Introduction to Image Restoration Methods – Part 2 Iterative Algorithms

This is the second part of a small series of articles on various image restoration methods used in digital image processing applications, in which we try to present the bird’s-eye perspective of some concepts of different restoration techniques without diving too deep into the math and theoretical intricacies. We assume that the reader has some understanding of discrete mathematics and signal processing basics.

Click here to read the first part.

Iterative algorithms

The simplest iterative algorithm for image restoration was first described by Van Cittert in 1930. The equation of this algorithm can be written as

f n+1 = f n + (g — h* f n),

where f n+1 is the new estimate of the image matrix derived from the previous one — f n,В f 0 = g is the blurred image, n is the number of the current step of the iteration, f is the blur kernel (point spread function, or PSF), and * sign denotes a convolution operator.

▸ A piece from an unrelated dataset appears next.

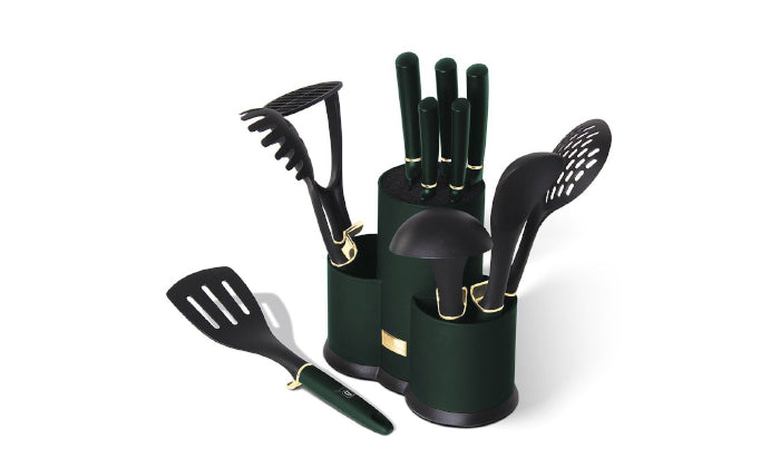 Berlinger Haus 12 Piece Knife Set with Stand and Kitchen Tools - Emerald
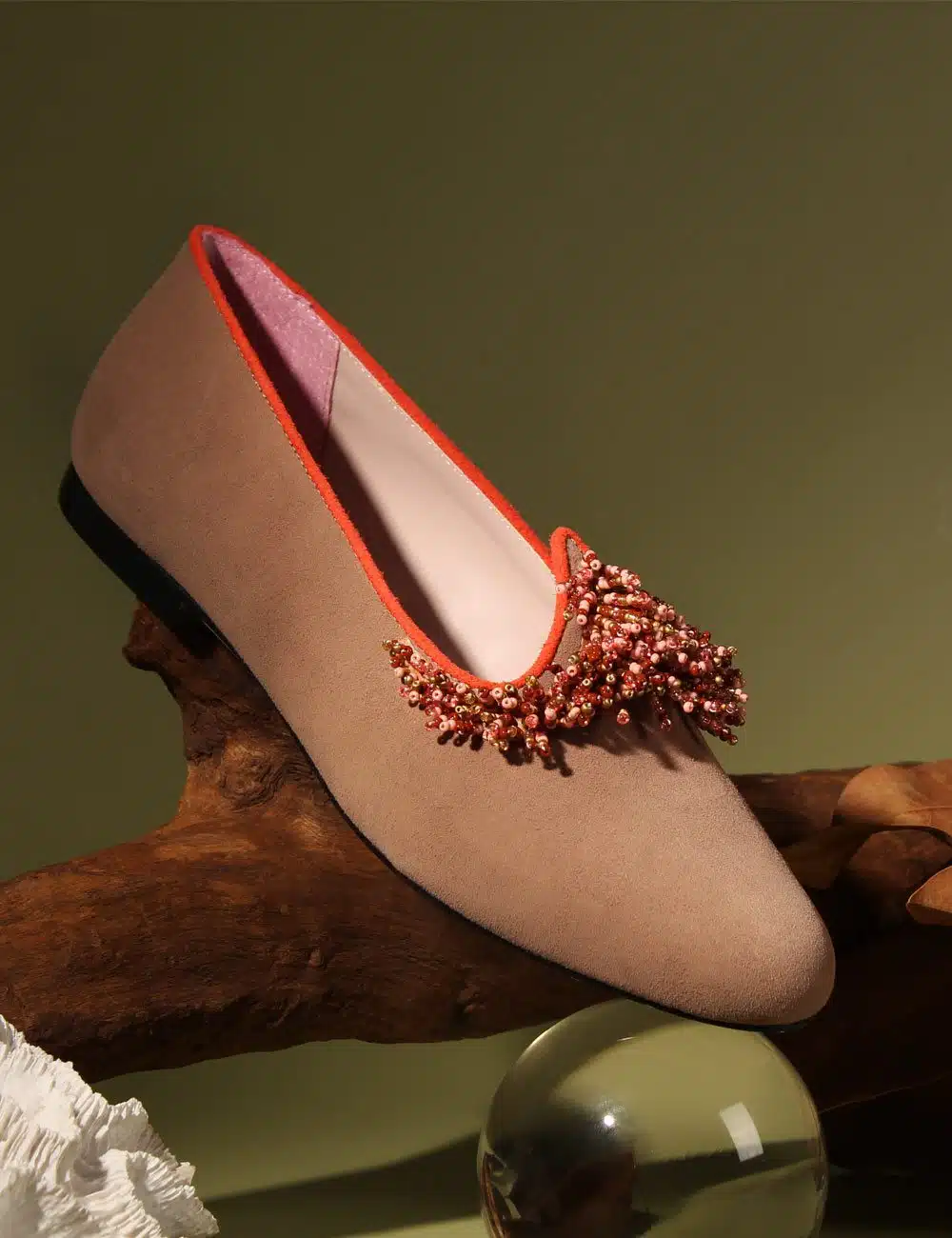 APROVEITE, TEMOS POUCOS PARES! Nossos Loafers já são modelos consagrados da marca, cheios de personalidade e muito conforto. Nesta coleção cápsula Sotto il Mare, o fundo do mar é a inspiração de todos os modelos, o loafer possui enfeites de pedrarias coloridas bordados à mão, cabedal todo em camurça de cabra macia na cor nude, com destaque no vivo em camurça goiaba. Para garantir ainda mais conforto e qualidade, sua sola e forro são também em couro com acabamento soft na palmilha. Fica perfeito para elevar os looks do dia a dia!

The Van Cittert algorithm (see more in German wiki) has many advantages, such as rapid deblurring, contains only a few variables and rather simple mathematical operations, and does not require smoothness restrictions or additional information. On the other hand, it has some major limitations. For example, the algorithm is sensitive to the presence of noise, and it increases the noise amounts in the deblurred image tremendously. Also, it becomes unstable if the number of iterations exceeds a certain limit, and the resultant image starts to look shaky.

The Landweber iteration, or Landweber algorithm, is an algorithm most frequently used to solve ill-posed linear inverse problems, although it has been extended to solve non-linear problems that involve constraints as well. The method was first proposed in the 1950s. It is now considered to be a base for many other iterative image restoration methods.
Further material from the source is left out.